P-values are part of a method in science called ‘hypothesis-testing’. Hypothesis testing involves defining a null-hypothesis: a statement that would be true if nothing happened in your experiment. For example, imagine you want to test whether people who ate chocolate were heavier than those who didn’t: the null hypothesis would be that there is no difference in weight between people eating and not eating chocolate.

We’d also state an alternative hypothesis. This reflects what we think might be going on: for example, the alternative hypothesis would be that there is a difference in weight between people eating and not eating chocolate.

The p-value provides evidence against the null hypothesis. If it’s low, such as below 0.05, then it’s quite unlikely that the null hypothesis is correct, so we reject it. 

But P-values are really hard to understand, and even leading scientists struggle to explain what they mean. They tell you the probability of observing data at least as extreme as the data you observed in an experiment, assuming that the null hypothesis is true. It’s easy to think that they also tell you the probability that the null hypothesis is true, but that’s not quite right, because the probability we calculate assumes that the null hypothesis is true.
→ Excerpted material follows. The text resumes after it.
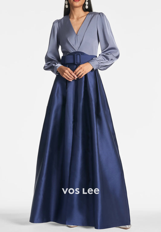 A-Line Long Sleeve V Neck Floor-Length Pleated Mother of Bride Dresses with Pockets

Some people think that the widespread use of and misunderstanding about p-values leads to problems with the reproducibility of scientific findings. You can learn more about problems with reproducibility in science in this video.

Don’t lose faith in science though – it’s one of the best ways that we have to learn about and improve the world. And partly because it’s so important, there is a new field called ‘metascience’, that aims to better understand and improve the way that science is done.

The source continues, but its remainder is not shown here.